One question that has come up regards Amazon’s Kindle Vella. In case you haven’t heard, Kindle Vella is essentially a platform for monetizing short stories and serial works on a Kindle, which naturally made my ears perk up. As always, a little more personal writing income means I can afford a second indie-publishing venture — a full-fledged sequel to Civil Blood. There’s two drawbacks to Kindle Vella: the first is that it’s got a limit of 6,000 words per installment, which is a little short for my taste. The more difficult hurdle for me to get over is that you have to build your brand — it takes a lot of 99-cent stories to add up to a single traditionally-published short story in a magazine, which could net $500 or so. That’s the reality. I’m working on building an e-mail list, an important step in the whole author ecosystem, but I don’t have any illusions about indie-pub sales.

So, will I die before my dream goal is achieved and leave you all in the lurch? Well, I’m happy to say I’m fully vaccinated as of today. It’s not proof against being hit by a bus, but as Bill Murray said, “I got that going for me, which is nice.”

Stay cool.

In Which I Announce Unidentified Funny Objects, Volume 8!

In May, I had a short story accepted to the annual science fiction and fantasy humor anthology, Unidentified Funny Objects. Currently in its eighth year, UFO has featured a lot of famous writers, and this year it features such luminaries as David Gerrold (he created the Tribbles for Star Trek) Jodie Lynn Nye (who’s published more than 50 books) and of course Esther Friesner, who has probably written more humorous short stories than Alexander Hamilton wrote essays.

When I submitted the story, I wasn’t expecting to have my story be the first one in the book. But there it is, doing its duty to make a first impression. “The 10:40 Appointment at the NYC Department of Superhero Registration” starts the volume off, followed by 23 more lighthearted romps. There’s grandmotherly golems, cybernetic cats, a daring quest inside the living room couch, and more.

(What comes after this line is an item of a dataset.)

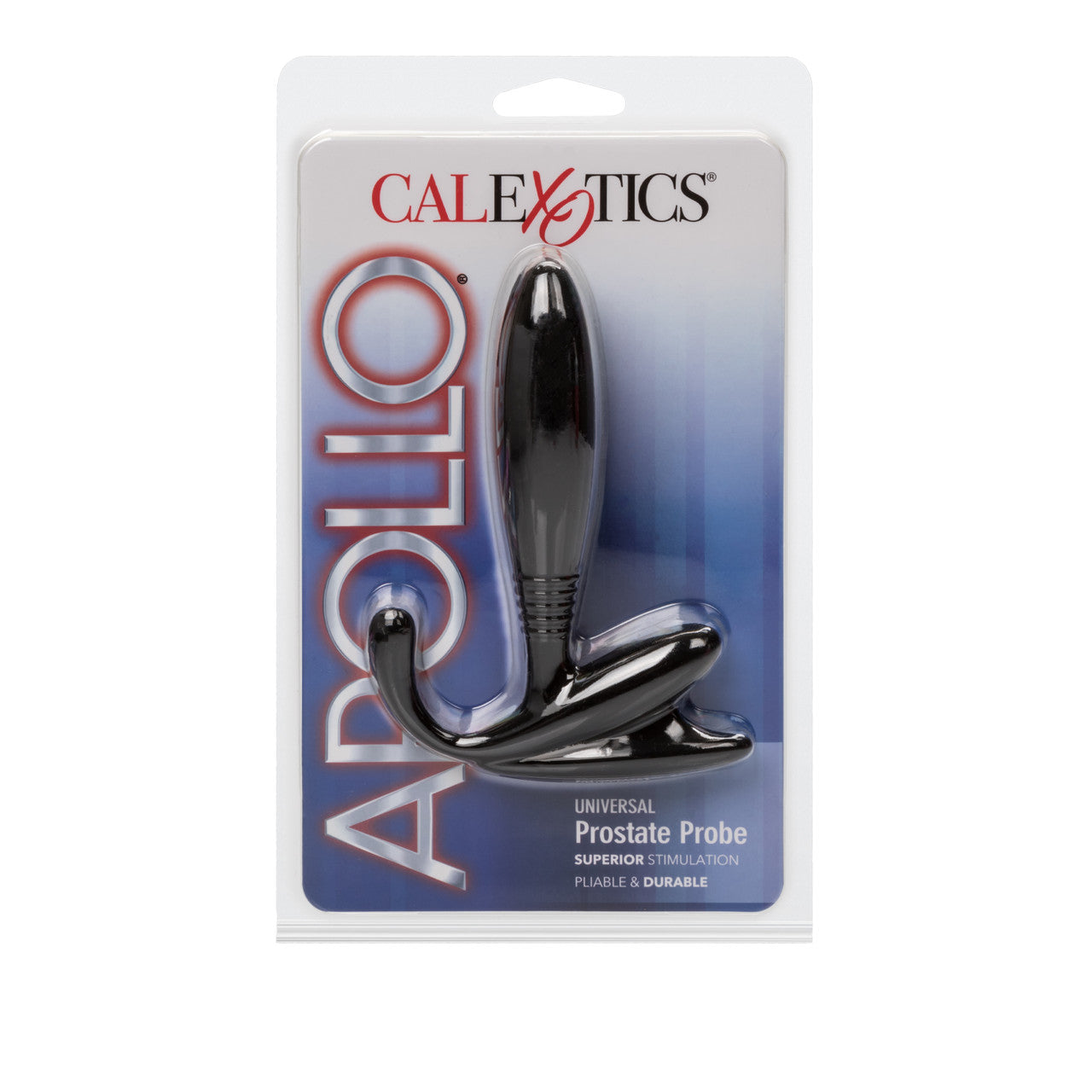 Apollo Universal Prostate Probe Superior Stimulation. Pliable and durable Black from California Exotic Novelties. For gratifying Prostate pleasure, Apollo Universal Prostate Probes offer the perfect design to reach the sweetest spots on the Prostate gland and all along the anal canal. Pliable, durable, and virtually seamless, this sophisticated Prostate Probe has an easy pull handle and is crafted from smooth, unscented and phthalate free Thermoplastic Rubber TPR. You will be as safe as you are supremely gratified with our beautifully shaped probes. Designed for easy use and the ultimate in pleasurable maneuvers, these probes are comfortable, able to flex for comfort while staying strong for simple and stimulating insertion. You will find the entire anal area stimulated, including the perineum. And once it glides in place, this probe's smooth curves slant for superior alignment with the sensitive rectum. A gently rounded tickler is an integral part of this sleek design, applying pressure in the highly sensitive and stimulating area between the Anus and Testicles, massaging right along with the internal stimulation. Compatible with both Water Based Personal Lubricants and Silicone Based Lubricants, enjoy the exciting sensation and gratification. Pliable, durable, virtually seamless Prostate Probe. Easy pull handle. Safe and pure for body and pleasure made using phthalate free, non-toxic materials. Size 3.5 inches by 1 inch. Bulk Weight: 1.3 ounces. 1 year warranty. Cal Exotics categories: For Men, Anal Toys, Probes. Colors may vary. Categories for Apollo Prostate Probe: Anal Toys, Prostate Massagers, P-Spot Stimulators, Prostate Massagers, Probes, Sticks and Rods. 2023
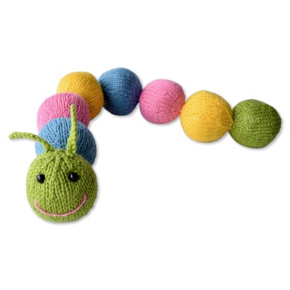 Knit up a cute and colourful caterpillar. This toy is made by knitting spheres and sewing them together in a row, so you can easily make a longer caterpillar by adding more spheres. Designed by Amanda Berry @fluffandfuzz, the caterpillar is knitted in acrylic DK yarns on single pointed needles (not in the round). For beginners and above, other techniques used include seaming, kfb increase and k2tog decrease.

The book is now available in print and Kindle, and it seems to be getting a bit of acclaim on Goodreads (for some reason, there aren’t nearly as many Amazon reviews as of this writing).

From my desk to yours. (The cyber-cat-burglars are on page 133.)

“The 10:40 Appointment” follows the hapless Dr. Amir al-Madani, a newly-empowered vigilante who gave up his job in the United Arab Emirates and moved to New York to fight crime. Problem is, New York is full of superheroes, so the Department of Superhero Registration is basically that cantina in Star Wars except with more teenage deities and nuclear-powered mutants. Amir’s only superpower is regeneration, which is really the worst power to bring to the heroic equivalent of the DMV.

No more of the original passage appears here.